Il termine viene dal francese, che, a sua volta, lo ha mutuato dal tedesco. Si riferisce ad accordi tra parti sociali (i rappresentanti dei lavoratori e dei datori di lavori) e tra questi ultimi e la mano pubblica per il raggiungimento di determinati obiettivi di politica o aziendale o settoriale o generale. L’Italia ha avuto una sua profonda esperienza di “concertazione”, sui generis, nel periodo tra le due guerre mondiali – con l’economia “corporativa”, studiata con grande attenzione, all’epoca, da economisti e sociologi di varie parti del mondo. Negli anni '60 e '70, non si parlava di “concertazione”, ma ci fu la lunga fase degli “accordi interconfederali”, spesso troppo prontamente tradotti in legge dal Parlamento: un frutto ne fu la normativa sulla previdenza del 1968-69 che, nel giro di pochi anni, ci regalò uno dei sistemi previdenziali più squilibrati (ed uno dei debiti previdenziali più alti in rapporto al pil) al mondo. Gli anni '80 sono l’epoca della “concertazione” propriamente quando il metodo è stato utilizzato per accompagnare il percorso di rientro dall’inflazione e di riassetto della finanza pubblica: il suo momento più alto è stato “l’accordo di San Tommaso” (dal nome del santo patronimico del giorno il cui è stato concluso), il “patto sociale” del 23 luglio 1993.

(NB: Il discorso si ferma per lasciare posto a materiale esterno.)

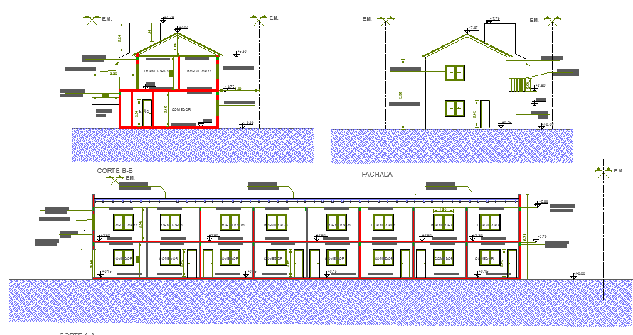 Elevation and section details of eight units group habitation that includes front elevation, section cuts with doors and window view, floor view, staircase view, roof or terrace view, wall design and much more of habitation center details.

A poco più di 15 anni da allora, si può dire che il “patto sociale” ha avuto un ruolo chiave nella riduzione degli aumenti dei prezzi grazie, principalmente, all’introduzione del concetto di “inflazione programmata” come guida per la politica economica e per le relazioni industriali, mentre si è rivelato caduco in molti altri aspetti (la contrattazione collettiva a più livelli, la consultazione nella definizione dei documenti di politica economica). Si dovrebbe aggiornare alle nuove esigenze il “patto sociale” del 1993? Non proprio. Occorre guardare più indietro per andare più avanti. Alla metà degli anni '90 a un rapporto dell’Organizzazione internazionale del lavoro (un’istituzione non certo di parte e comunque distinta e distante dalle nostre beghe) differenziava nettamente tra “concertazione difensiva” e “concertazione aggressiva o positiva”.
La prima cerca di tutelare l’esistente, ove non di guardare al passato; la seconda era, invece, rivolta all’avvenire. Nel documento si sottolineava come le relazioni industriali avrebbero dovuto affrontare le sfide poste dalla trasformazione economica, l’innovazione e l’integrazione economica, pena il pericolo di diventare irrilevanti. Il primo e più significativo patto di “concertazione aggressiva o offensiva” in Europa è stato l'"accordo di Wasenaar" (dal nome della località dove è stata stipulata) conclusa in Olanda nel lontano 1984. I Paesi Bassi erano afflitti da quello che gli economisti chiamavano “il mal olandese” – bassa crescita dovuta al flusso di valuta, e sovrapprezzamento del cambio, derivante dal gas naturale del Mare del Nord. L’accordo comportò un nuovo disegno del mercato del lavoro e dello Stato sociale (in senso liberale) di fronte alla constatazione che, ad esempio, operando unicamente sull’età legale per la pensione (senza toccare contributi e livello degli assegni rispetto alle ultime remunerazioni) la si sarebbe dovuta portare a 80 anni.
Possiamo andare verso la “concertazione aggressiva”? Il documento sullo stato sociale di recente presentato dal governo sembra dire di sì. Lo ha riconosciuto anche un sociologo, esperto di relazioni industriali, da sempre vicino alla sinistra, come Arris Accornero. Anzi è solamente tramite la “concertazione aggressiva” che si può, da un lato, superare quel clima di sfiducia che frena l’economia con alti tassi di transazione ed elevata avversione al rischio e, dall’altro, ricostruire le regole da quelle interne (come la definizione dello “statuto dei lavori”) a quelle internazionali (quali le global rules per regolazione e vigilanza finanziaria). Tuttavia, ciò comporta per le parti sociali (principalmente per parte dei sindacati) passaggi difficili: acquisire la consapevolezza che la difesa dell’esistente non solamente perde sempre ma è spesso a svantaggio dei più deboli. Aiutiamo chi è più reticente a fare questi passaggi. A traversare il fiume chi è rimasto in mezzo al guado, non si rende conto che la vecchia sponda non c’è più e non vede con chiarezza l’approdo.